> **THE PROBLEM**:
Everything in the entries is to be written out exactly, except for the pictures.

-*-

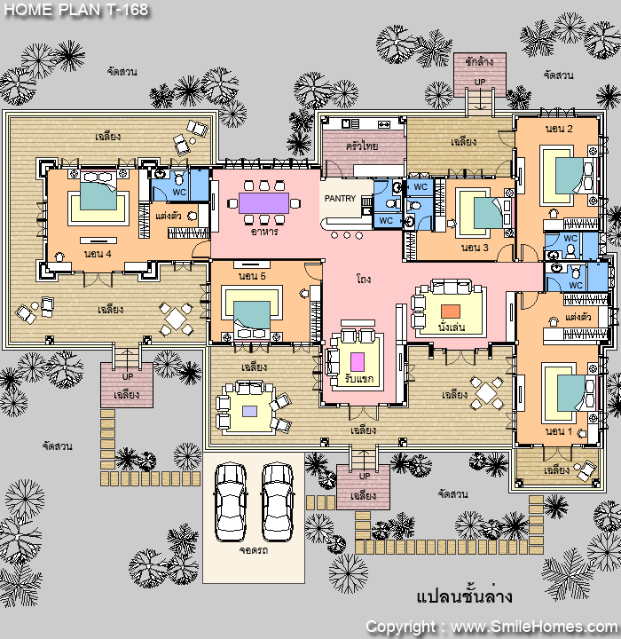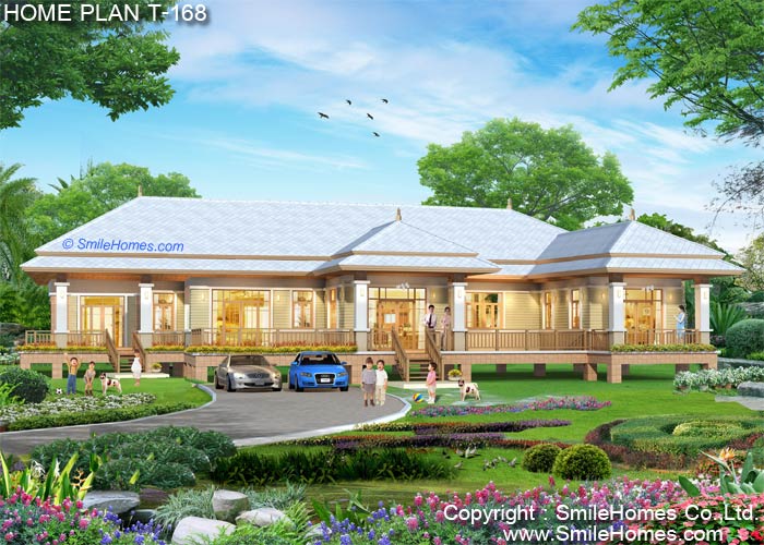 | แบบบ้านชั้นเดียว T-168 5 ห้องนอน 5 ห้องน้ำ พื้นที่ใช้สอย 436 ตร.ม. ขนาดตัวบ้านกว้าง 29.50 ม. ลึก 18.20 ม. ที่ดินขนาด 190 ตร.ว.ขึ้นไป ค่าก่อสร้างประมาณ 5.4 - 6.6 ล้านบาท ค่าแบบพิมพ์เขียว 5 ชุดพิเศษ 64,900 บาท ( จากราคาปกติ 130,000 บาท) ค่าจัดส่งฟรี |
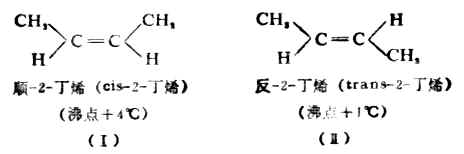 在烯烃的构造异构体中,有一种是碳链异构,即骨架不同的异构现象。如1-丁烯(或2-丁烯)与2-甲基-1-丙烯;另一种是由于双键的位置不同,如1-丁烯和2-丁烯。这种由于官能团位置的不同而产生的异构现象叫做位置异构。碳链异构与位置异构都属于构造异构。 (二)顺反异构 除上述两种异构现象外,由于以双键相连的两个碳原子不能绕σ键轴自由旋转,所以当两个碳原子上各连有两个不同的原子或基团时(如2-丁烯),双键上的四个基团在空间就可以有两种不同的排列方式,即两种构型。
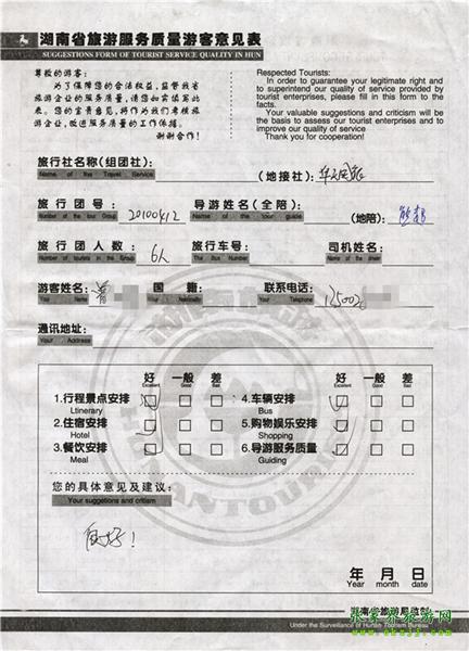 - 2011年10月26日張小姐一行18人旅游質(zhì)量反饋 [10482]
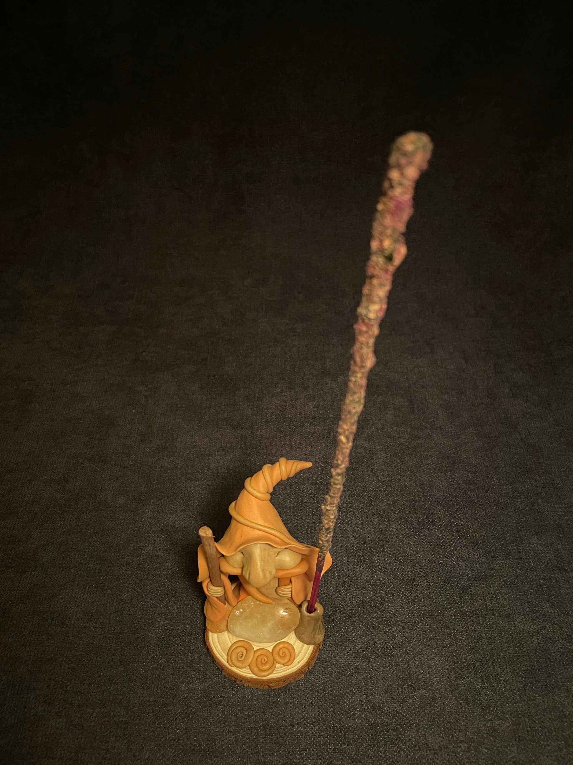 Cette figurine se compose d'une pierre naturelle et d'autres accessoires en éléments naturels. Son socle est en bois. C'est aussi un porte-encens.
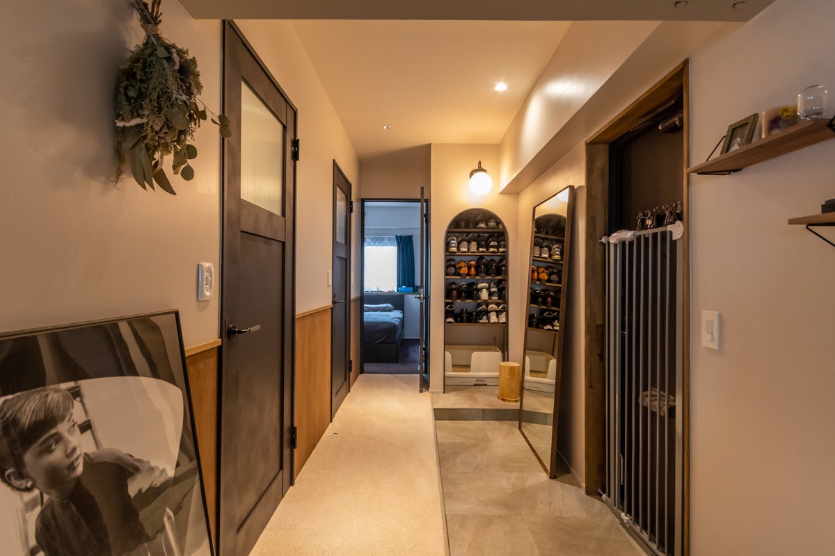 アウトドアグッズやスーツケース、ベビーカーなどの収納に便利な広い土間玄関は、ペットグッズを置くのにも重宝します。
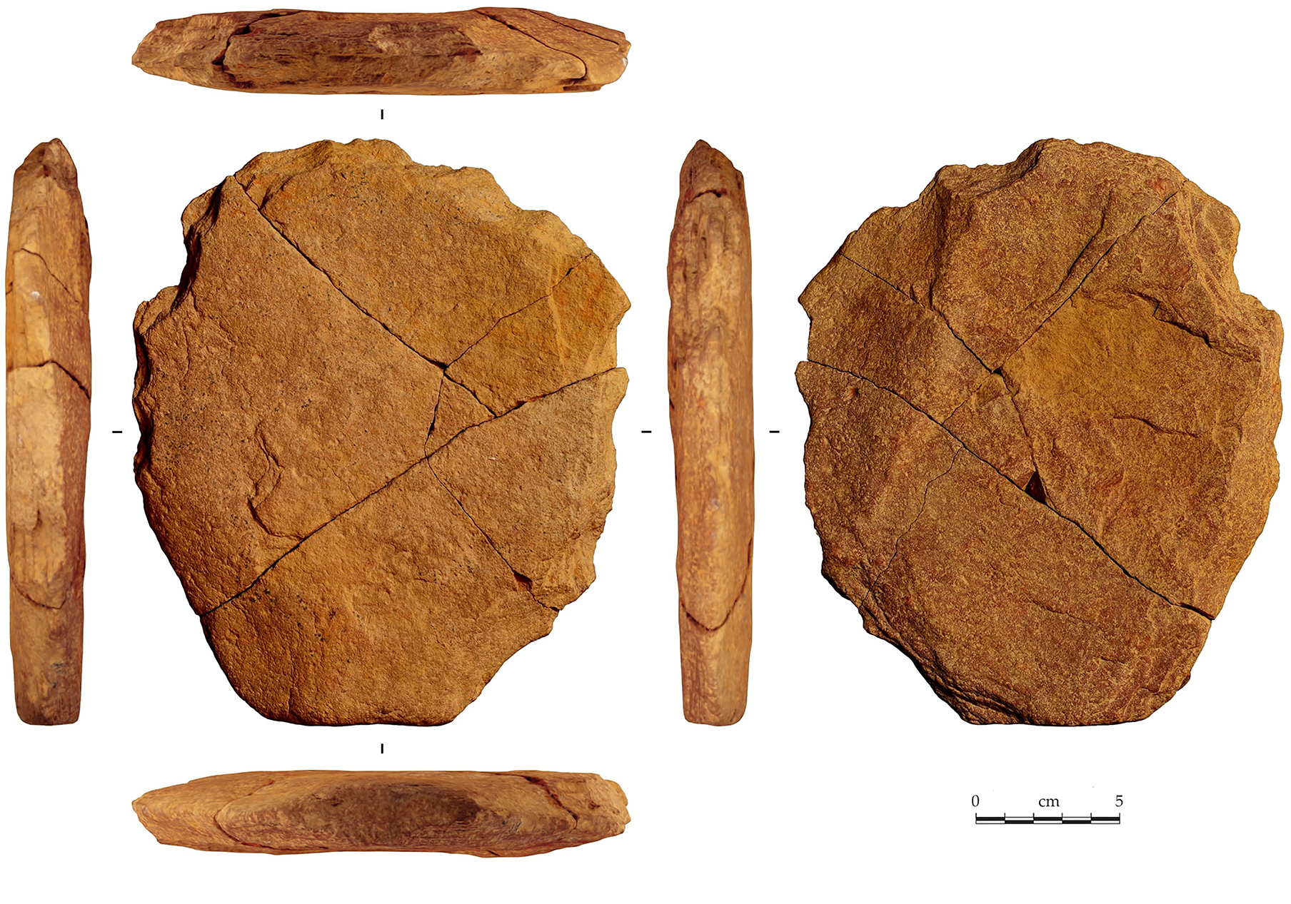 - Se ha propuesto que esta herramienta de unos 350 ka procedente de la cueva de Tabun (Israel), era utilizada por los homininos para tareas de abrasión mediante sus superficies anchas y planas. Sería el artefacto más antiguo conocido para este tipo de uso, superando a otras herramientas de hace 200 ka y registros más amplios a partir de hace 50 ka [+info].
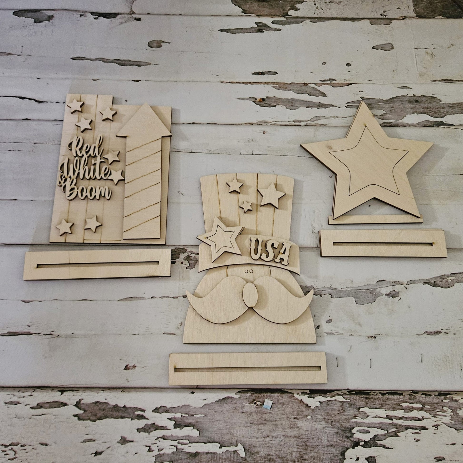 4th of July Gnome Wood Blank, DIY Tiered Tray Decor Shelf Sitter
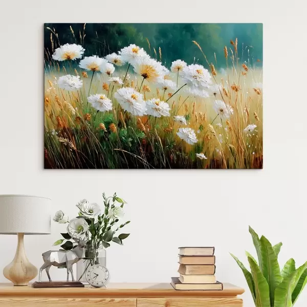 Cuadros Flores blancas en un prado al óleo Nr s44842
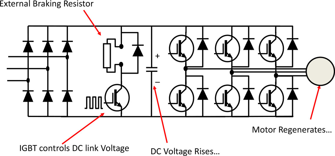 A frekvenciaváltó amikor fékezi a motort, az energiát visszatáplálja a közbenső DC körbe. Ez az energia elkezdi emelni a DC körben lévő kondenzátorokon a feszültséget. Hogy ez ne okozzon bajt, a fék-chopper bekapcsolja a fékellenállást, hogy azon fűtse el a visszatáplált energiát. Nyilván csak addig van bekapcsolva, amíg vissza nem csökkentette a feszültséget a biztonságos tartományba.
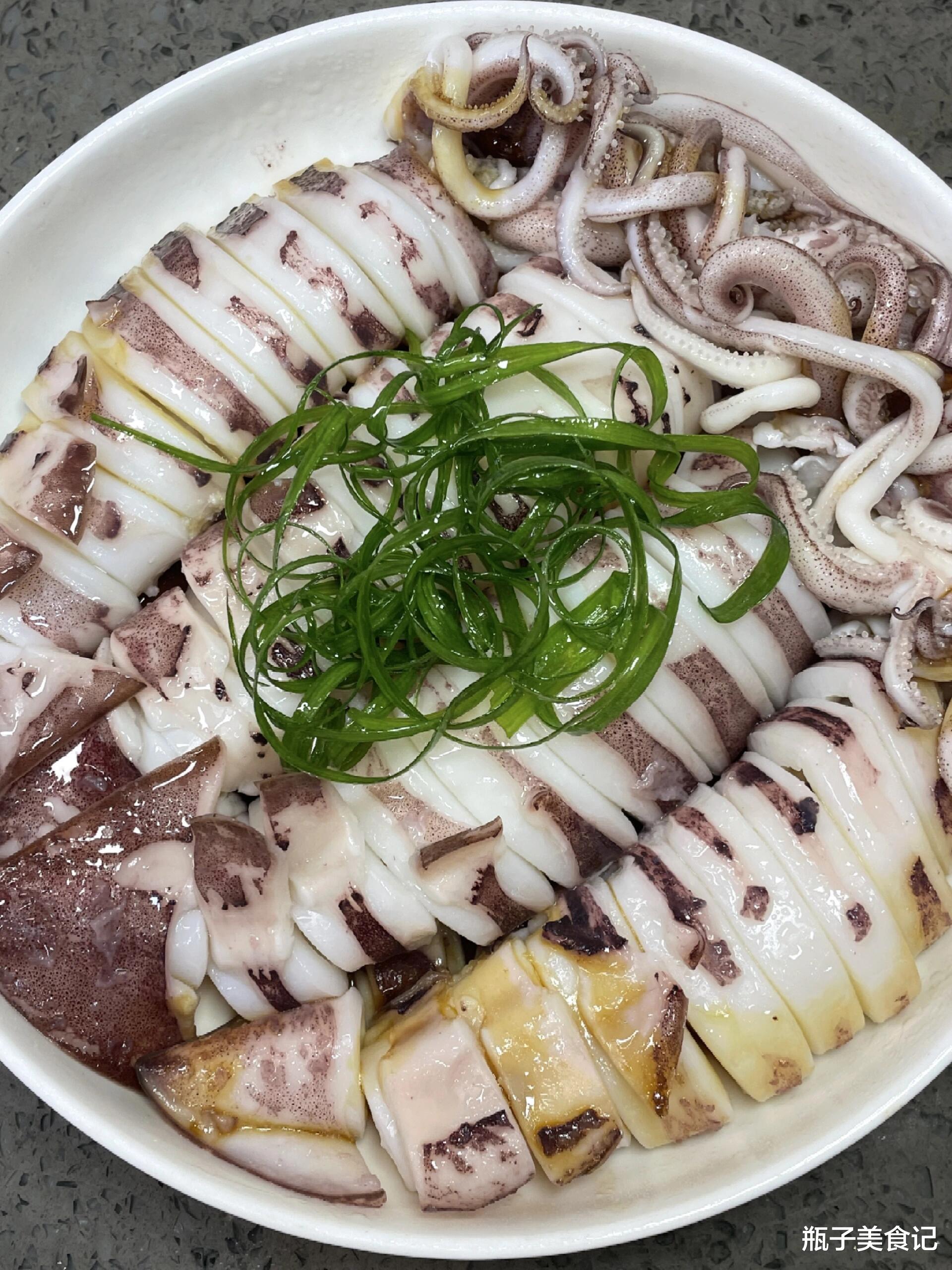 计时!:从鱿鱼下锅开始计时,精确到60秒!对,你没看错,就一分钟!看到鱿鱼片卷成花状,颜色从不透明变成洁白色,立刻、马上、毫不犹豫地用漏勺捞起!
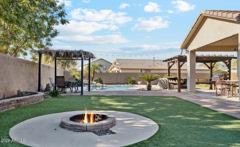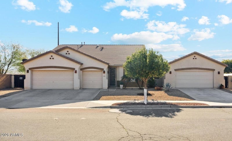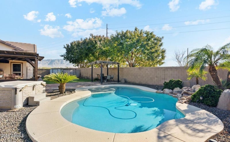 Listing details for 4149 Milada Dr, Laveen, AZ 85339 : This standout property offers features you rarely find together, starting with a five-car garage and a 24' x 24' insulated workshop added by the current owners. The shop includes 220-volt power, solar tube lighting, pull-down attic storage, and an impressive 8' roll-up door opening to the backyard. The 12,000+ sq ft lot is built for entertaining with turf for yard games, two pergolas (one with built-in BBQ), an above-ground spa, sparkling pool, raised garden beds, a 12' x 20' covered utility shed, and RV gate. Enjoy scenic views, nearby South Mountain hiking, and close access to Aquila Golf Course and Cesar Chavez Park. Inside, the updated kitchen features added storage, a Blanco sink, gas cooking, and granite counters. New roof (2023) and tankless water heater (2022).
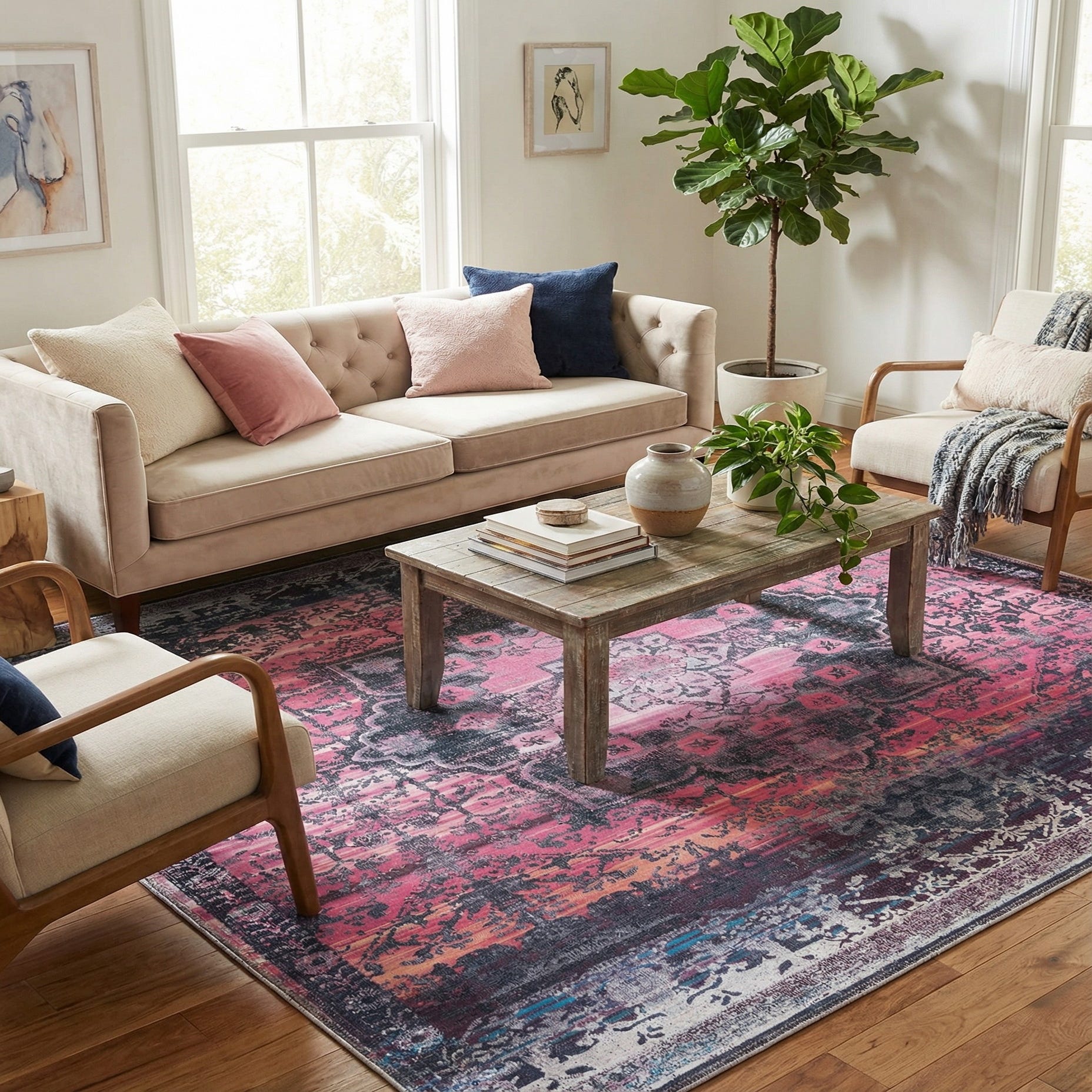 This rug fits well in modern-bohemian, eclectic, or transitional interiors—use it to anchor a sofa-and-coffee-table arrangement, soften hardwood floors in a bedroom, or sit beneath a round dining table to introduce color and pattern. The warm Antique Rose pairs easily with neutral upholstery and wood tones, while the Black and Gray motifs coordinate with matte metals or darker furniture finishes; Blue and Ivory accents make it simple to layer in soft textiles and pillows for a cohesive look.

-*-

> **RESPONSE TO THE EXERCISE**:
 | แบบบ้านชั้นเดียว T-168 5 ห้องนอน 5 ห้องน้ำ พื้นที่ใช้สอย 436 ตร.ม. ขนาดตัวบ้านกว้าง 29.50 ม. ลึก 18.20 ม. ที่ดินขนาด 190 ตร.ว.ขึ้นไป ค่าก่อสร้างประมาณ 5.4 - 6.6 ล้านบาท ค่าแบบพิมพ์เขียว 5 ชุดพิเศษ 64,900 บาท ( จากราคาปกติ 130,000 บาท) ค่าจัดส่งฟรี |
 在烯烃的构造异构体中,有一种是碳链异构,即骨架不同的异构现象。如1-丁烯(或2-丁烯)与2-甲基-1-丙烯;另一种是由于双键的位置不同,如1-丁烯和2-丁烯。这种由于官能团位置的不同而产生的异构现象叫做位置异构。碳链异构与位置异构都属于构造异构。 (二)顺反异构 除上述两种异构现象外,由于以双键相连的两个碳原子不能绕σ键轴自由旋转,所以当两个碳原子上各连有两个不同的原子或基团时(如2-丁烯),双键上的四个基团在空间就可以有两种不同的排列方式,即两种构型。
 - 2011年10月26日張小姐一行18人旅游質(zhì)量反饋 [10482]
 Cette figurine se compose d'une pierre naturelle et d'autres accessoires en éléments naturels. Son socle est en bois. C'est aussi un porte-encens.
 アウトドアグッズやスーツケース、ベビーカーなどの収納に便利な広い土間玄関は、ペットグッズを置くのにも重宝します。
 - Se ha propuesto que esta herramienta de unos 350 ka procedente de la cueva de Tabun (Israel), era utilizada por los homininos para tareas de abrasión mediante sus superficies anchas y planas. Sería el artefacto más antiguo conocido para este tipo de uso, superando a otras herramientas de hace 200 ka y registros más amplios a partir de hace 50 ka [+info].
 4th of July Gnome Wood Blank, DIY Tiered Tray Decor Shelf Sitter
 Cuadros Flores blancas en un prado al óleo Nr s44842
 A frekvenciaváltó amikor fékezi a motort, az energiát visszatáplálja a közbenső DC körbe. Ez az energia elkezdi emelni a DC körben lévő kondenzátorokon a feszültséget. Hogy ez ne okozzon bajt, a fék-chopper bekapcsolja a fékellenállást, hogy azon fűtse el a visszatáplált energiát. Nyilván csak addig van bekapcsolva, amíg vissza nem csökkentette a feszültséget a biztonságos tartományba.
 计时!:从鱿鱼下锅开始计时,精确到60秒!对,你没看错,就一分钟!看到鱿鱼片卷成花状,颜色从不透明变成洁白色,立刻、马上、毫不犹豫地用漏勺捞起!
 Listing details for 4149 Milada Dr, Laveen, AZ 85339 : This standout property offers features you rarely find together, starting with a five-car garage and a 24' x 24' insulated workshop added by the current owners. The shop includes 220-volt power, solar tube lighting, pull-down attic storage, and an impressive 8' roll-up door opening to the backyard. The 12,000+ sq ft lot is built for entertaining with turf for yard games, two pergolas (one with built-in BBQ), an above-ground spa, sparkling pool, raised garden beds, a 12' x 20' covered utility shed, and RV gate. Enjoy scenic views, nearby South Mountain hiking, and close access to Aquila Golf Course and Cesar Chavez Park. Inside, the updated kitchen features added storage, a Blanco sink, gas cooking, and granite counters. New roof (2023) and tankless water heater (2022).
 This rug fits well in modern-bohemian, eclectic, or transitional interiors—use it to anchor a sofa-and-coffee-table arrangement, soften hardwood floors in a bedroom, or sit beneath a round dining table to introduce color and pattern. The warm Antique Rose pairs easily with neutral upholstery and wood tones, while the Black and Gray motifs coordinate with matte metals or darker furniture finishes; Blue and Ivory accents make it simple to layer in soft textiles and pillows for a cohesive look.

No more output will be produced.